Lee:
It's more of the unclear wording in the rules.
The end effect of the crit is to reduce your starting shield score.
Its best described by example.
Lets take a Fed Heavy Cruiser with undamaged shields - 24 shield boxes.
during the turn, you take 4 shield hits... dropping you to 20 boxes and one crit that reduces your shields by 5.
This value comes off of the top of the line score of 24, reducing you to 19 shields; wiht a new maximum of 19 boxes.
Then - Let's say you'd taken 7 points prior to this critical, reducing you to 17 shield boxes.
After the critical is applied, you still have 17 shield boxes remaining, but a new maximum of 19.

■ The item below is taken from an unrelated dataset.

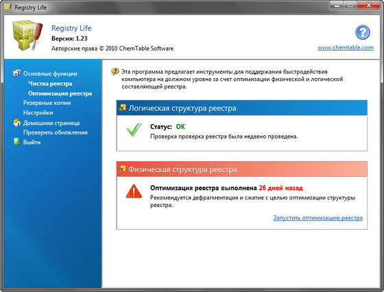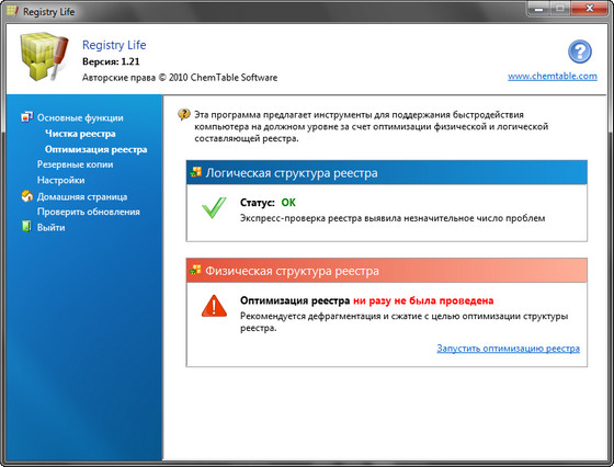 Утилита для работы с системным реестром обязательно должна быть под рукой у каждого, кто желает, чтобы его система работала стабильно, без ошибок. Для этой цели подойдет программа Registry Life - инструмент для выявления и исправления ошибок, возникающих в системном реестре в процессе работы Windows. Registry Life отыскивает бесполезные записи в реестре, которые не используются в работе, и дает возможность их удалить. Кроме этого, программа следит за фрагментированностью базы данных и, в случае необходимости, уменьшает размер реестра, дефрагментируя и сжимая его. Программа определяет системные ошибки реестра в более чем десяти различных категориях. Registry Life позволяет оптимизировать системный реестр в автоматическом режиме при загрузке системы или по расписанию.

Meaning that a boost energy roll of 2 will restore you to 19, but anything beyond 2 will count as
boosted shields and go away atthe end of the turn... assuming that you receive no further damage.
Now, lets go back to the beginning. 24 shields and you boost energy to shields and get an average roll of 7 (2D6 at 3.5 each)
This gives you a temporary score of 31.
Take 4 shield hits reducing you to 27 (24 and 3 temporary points) then apply the critical (-5 points).
It's our understanding that you still reduce the starting score, so the new starting score is 19...
This is where it gets "wonky"
the FAQ reads: "if this reduces the starting score below your current score (and you haven’t boosted your shields this turn), then reduce your current Shields to the new maximum."
Our "take" on this is thus:
Reduce your maximum score to 19 (24 starting minus 5 for the critical) and then add back in the 3 temporary points remaining; giving you a score of 22 shield boxes with 19 maximum and three temporary.
Any additional damage will come off of hte 3 temporary first and if no further damage is taken, then you revert to the new maximum of 19 damage at the end of the turn.
We could be wrong, but that's the way we play it.